§ ABOUT THIS EXERCISE:
Type out the lines below exactly, from the first through the line holding "膜结构出入口又叫张拉膜结构,是21世纪最", and include no pictures.

== TASK MATERIAL

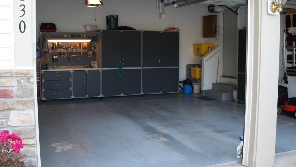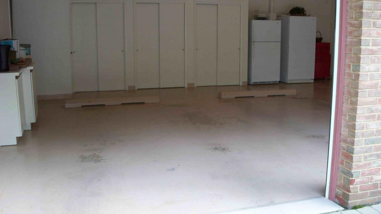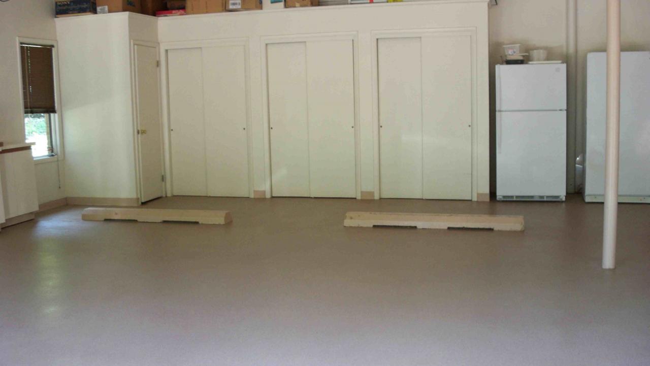 Before - Hot tire peel-off of a water based epoxy “flake” system. Always the first place to show wear is under your tires. Thin mil flake systems are prone to this problem, plus they are not slip resistant, when wet.
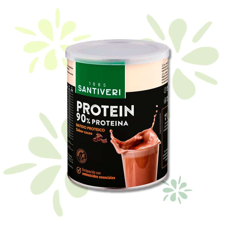 Protein 90 con sabor a cacao de Santiveri es un preparado alimenticio con alto contenido en  proteínas (90%) y enriquecido con aminoácidos esenciales y vitaminas.
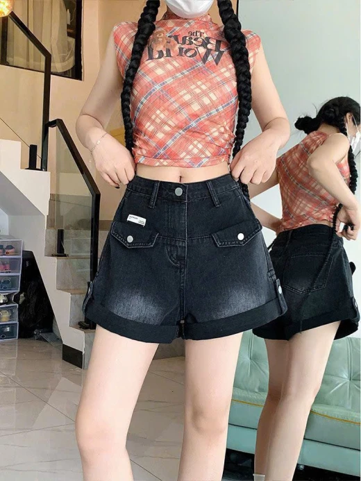 3004gc39 ❌❌ QUẦN SHORT JEANS CẠP CAO XẮN GẤU Phần gấu quần được xắn sẵn chắc chắn, tạo độ phồng nhẹ giúp đùi trông thon gọn hơn và mang lại vẻ ngoài bụi bặm, cá tính. ✅ 2 màu xanh, đen ✅ Bảng sz Xs-4Xl trên hình * cân nặng/ 2 ============== 👉👉 #195k/ cái 🌸 giá 131k 🐬 chốt 30/4
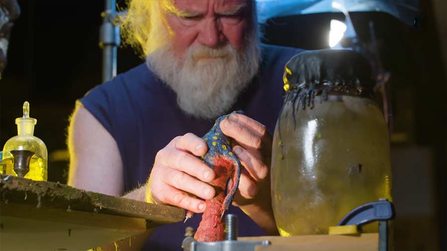 „For over 30 years, Tippett has been working on an incredibly detailed film called ‚Mad God‘. He describes it as being set ‚in a Milton-esque world of monsters, mad scientists and war pigs.‘ Amazingly, each character is painstakingly constructed by hand from foam, clay, latex and wire. Despite all the arduous toil, Tippett sees „Mad God“ as a form of therapy and a way to reconnect with a time when special effects and animation were all done by hand.“
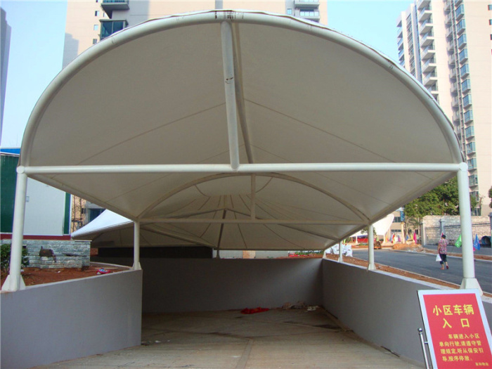 膜结构出入口又叫张拉膜结构,是21世纪最具代表性的建筑形式。打破了纯直线建筑风格的模式,以其独有的优美曲面造型,简洁、明快、刚与柔、力与美的完美组合,同时给建筑设计师提供了更大的想象和创造空间。
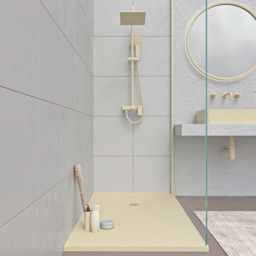 El plato de ducha de resina de la colección Mystone color Marfil RAL 1015 es ultra delgado, es decir, tiene un espesor total reducido que permite montarlo a ras del suelo o encima. Realizado en resina con carga mineral textura pizarra y acabado con gel coat antibacteriano, aportará elegancia a tu zona de ducha de diseño por llevar la rejilla de acero inoxidable, termo lacada con el color del plato de ducha. Características :
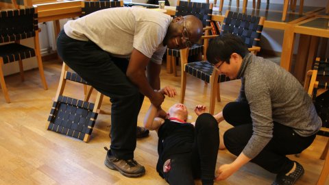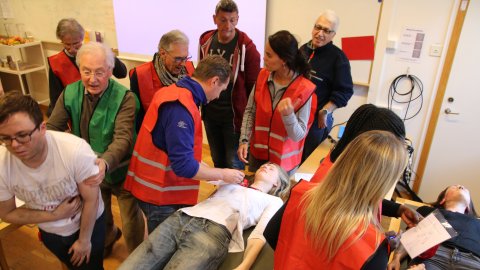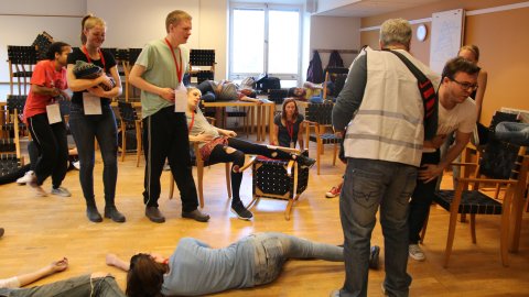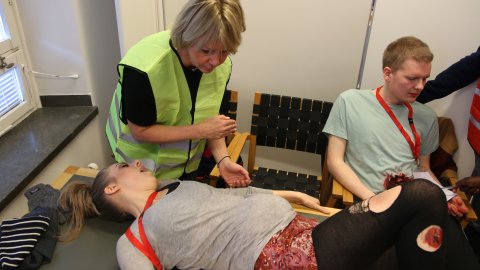 The victims are not real patients; they are 20 students from Karolinska University Hospital who have been briefed on their injuries and how to behave convincingly. All students wear make-up to fake injuries and a card around the neck presenting their vital signs. The triage team has to decide who is going to make it and who needs help first. Accordingly, they put cards of green, yellow or red around the patients’ wrists. Red indicates the most urgently needed surgery, yellow indicates required surgery that can wait, and green indicates only minor wounds. Dead and dying patients are assigned a black card.
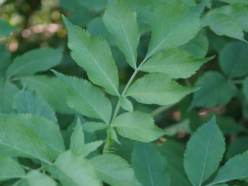 Liście złożone, nieparzystopierzaste. Listki odwrotnie jajowate – lancetowate, piłkowane, u nasady niesymetryczne. Ogonki listków bardzo krótkie lub brak, ogonek liścia długi. Na liściu od 3 do 9 listków (zazwyczaj 5).
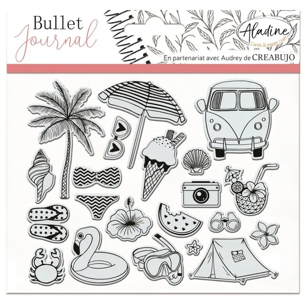 Zestaw 21 giętkich stempelków z przezroczystego silikonu.
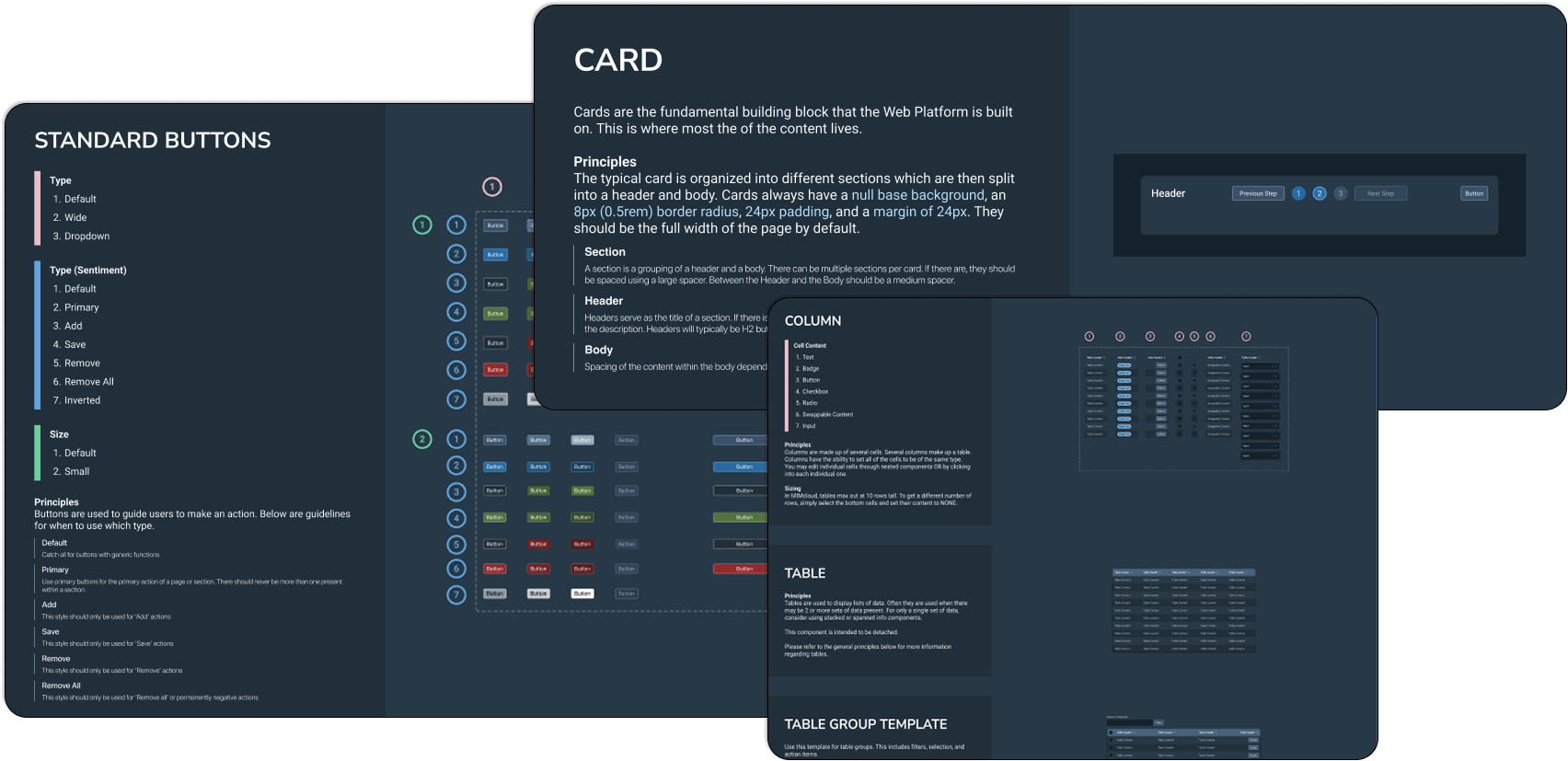 The product is intended to primarily be used on desktop, however there are rare cases were users may use it on mobile. Because of this, mobile styles had to be created and accounted for. This is the first product at MIM to have a mobile design system, so I needed to do independent research on guidelines and standards to ensure that everything was executed well.
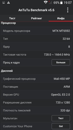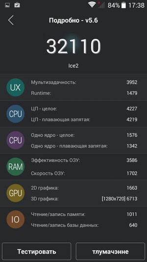 По результатам тестирования платформа показала весьма неплохие результаты, производительность у смартфона выше среднего (около 30К в AnTuTu v 5.x). Добавить здесь особенно нечего, восьмиядерная SoC MediaTek MT6592 уже давно и прочно обосновалась на рынке, она хорошо уже нами изучена на примере множества аппаратов, протестированных за прошедший год. Рекордов по производительности она никогда не била и уже не побьет, но и смартфоны на ее основе не слишком дороги. На смену ей постепенно будет приходить новая MT6595, некоторые из таких устройств мы уже исследовали. Новая платформа превосходит свою предшественницу столь значительно, что сравнивать их просто бессмысленно. Удел SoC MediaTek MT6592 — средний и дальше по нисходящей уровни, но никак не топовый и не флагманский. Тем не менее, описываемый сегодня смартфон достаточно мощный, производительности восьмиядерной платформы еще долго будет хватать для выполнения большинства задач.
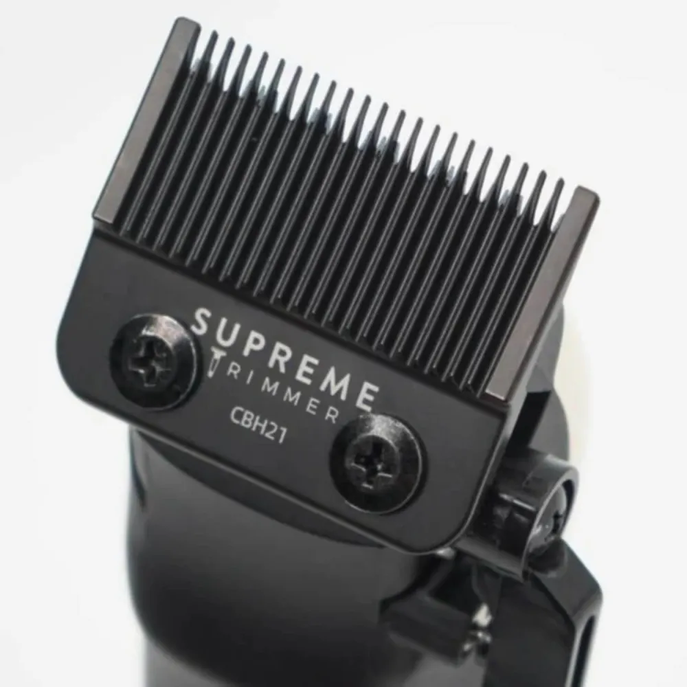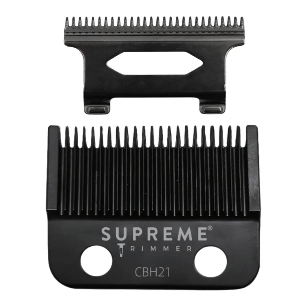 The Supreme Trimmer Tade Blade for DarkStar Clipper (CBH21) is a hybrid blade designed to combine the precision of a fade blade with the smooth blending capabilities of a taper blade. This versatile design allows barbers to switch effortlessly between detailed fading and bulk hair removal without changing tools, delivering consistent, professional results.
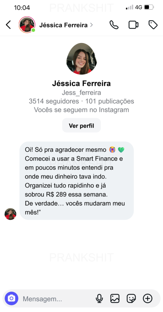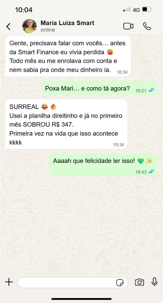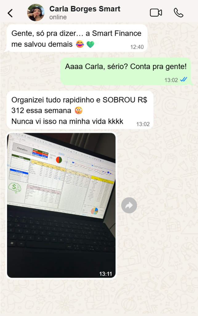A Smart Finance foi pensada para caber na sua rotina. Em poucos minutos por semana você atualiza seus gastos e já tem clareza total de quanto entrou, quanto saiu e quanto realmente sobrou no mês.
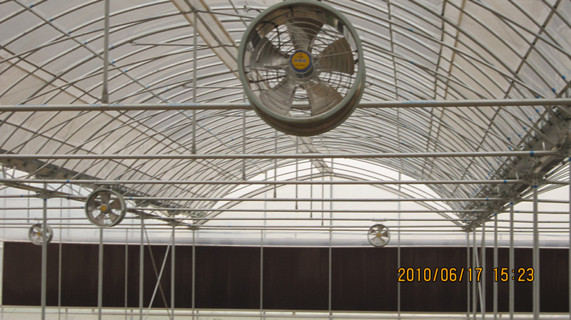 单层骨架双层充气膜温室就是温室的周边顶部均采用单层热镀锌钢骨架,顶部采用双层充气长寿无滴膜覆盖。双层充气膜温室是一种节能型温室,与单层塑料膜温室相比具有显著的保温效果(一般节能30%以上)。双层充气膜温室不用压膜线,只在塑料膜的四周固定,靠充气泵机向两层膜之间充气来支撑塑料膜,使内层塑料膜紧贴温室骨架,外层塑料膜靠气压与内层塑料膜隔离,从而形成空气夹层,产生保温作用。周边钢骨架的内外各覆盖一层长寿膜,保温性能优良,能有效的节约采暖能耗,适合于冬季使用。周边内外层均可安装卷膜窗系统,顶部可采用电动齿轮齿条外开启天窗,通风效果良好。
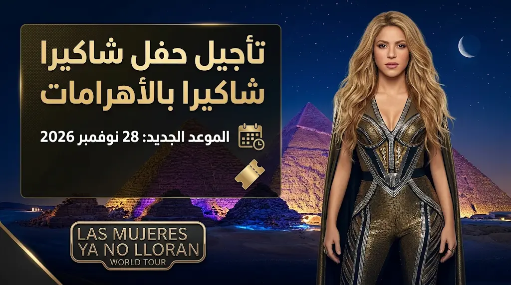 أعلنت الشركة المنظمة لجولة النجمة العالمية شاكيرا “Las Mujeres Ya No Lloran World Tour” رسمياً، اليوم الأحد 29 مارس 2026، عن تأجيل حفلها المرتقب في منطقة أهرامات الجيزة بجمهورية مصر العربية، والذي كان مقرراً إقامته في السابع من أبريل المقبل، ليتم ترحيله إلى أواخر العام الجاري.
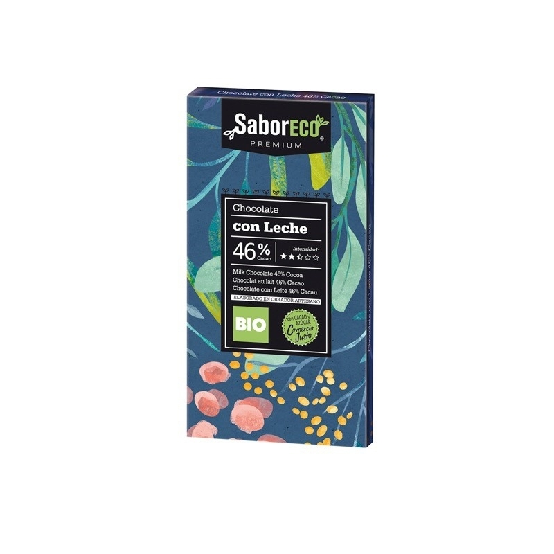 Ingredientes: azúcar de caña*, manteca de cacao*, leche entera en polvo* (9%), cacao* (46% cacao mínimo) y emulgente: lecitina de soja*. *De producción ecológica.
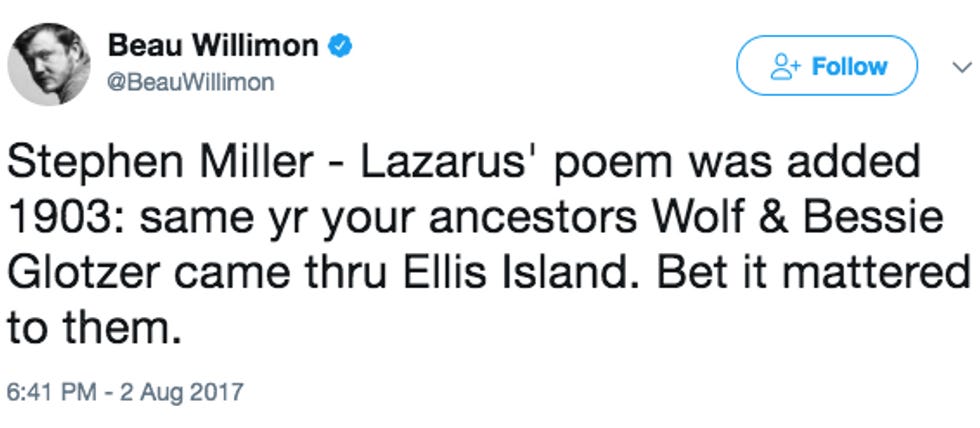 Which is why we got that rancid little weenus Stephen Miller at the podium during the White House press briefing, shittalking the Statue of Liberty. Because no one turns a bullshit nothingburger into a BIG STORY like that asshole . Through sheer obnoxiousness, he manages to make headlines out of the ENGLISH ONLY dogwhistle, when everyone knows it will never happen.

====

§ RESPONSE AREA:
 Before - Hot tire peel-off of a water based epoxy “flake” system. Always the first place to show wear is under your tires. Thin mil flake systems are prone to this problem, plus they are not slip resistant, when wet.
 Protein 90 con sabor a cacao de Santiveri es un preparado alimenticio con alto contenido en  proteínas (90%) y enriquecido con aminoácidos esenciales y vitaminas.
 3004gc39 ❌❌ QUẦN SHORT JEANS CẠP CAO XẮN GẤU Phần gấu quần được xắn sẵn chắc chắn, tạo độ phồng nhẹ giúp đùi trông thon gọn hơn và mang lại vẻ ngoài bụi bặm, cá tính. ✅ 2 màu xanh, đen ✅ Bảng sz Xs-4Xl trên hình * cân nặng/ 2 ============== 👉👉 #195k/ cái 🌸 giá 131k 🐬 chốt 30/4
 „For over 30 years, Tippett has been working on an incredibly detailed film called ‚Mad God‘. He describes it as being set ‚in a Milton-esque world of monsters, mad scientists and war pigs.‘ Amazingly, each character is painstakingly constructed by hand from foam, clay, latex and wire. Despite all the arduous toil, Tippett sees „Mad God“ as a form of therapy and a way to reconnect with a time when special effects and animation were all done by hand.“
 膜结构出入口又叫张拉膜结构,是21世纪最具代表性的建筑形式。打破了纯直线建筑风格的模式,以其独有的优美曲面造型,简洁、明快、刚与柔、力与美的完美组合,同时给建筑设计师提供了更大的想象和创造空间。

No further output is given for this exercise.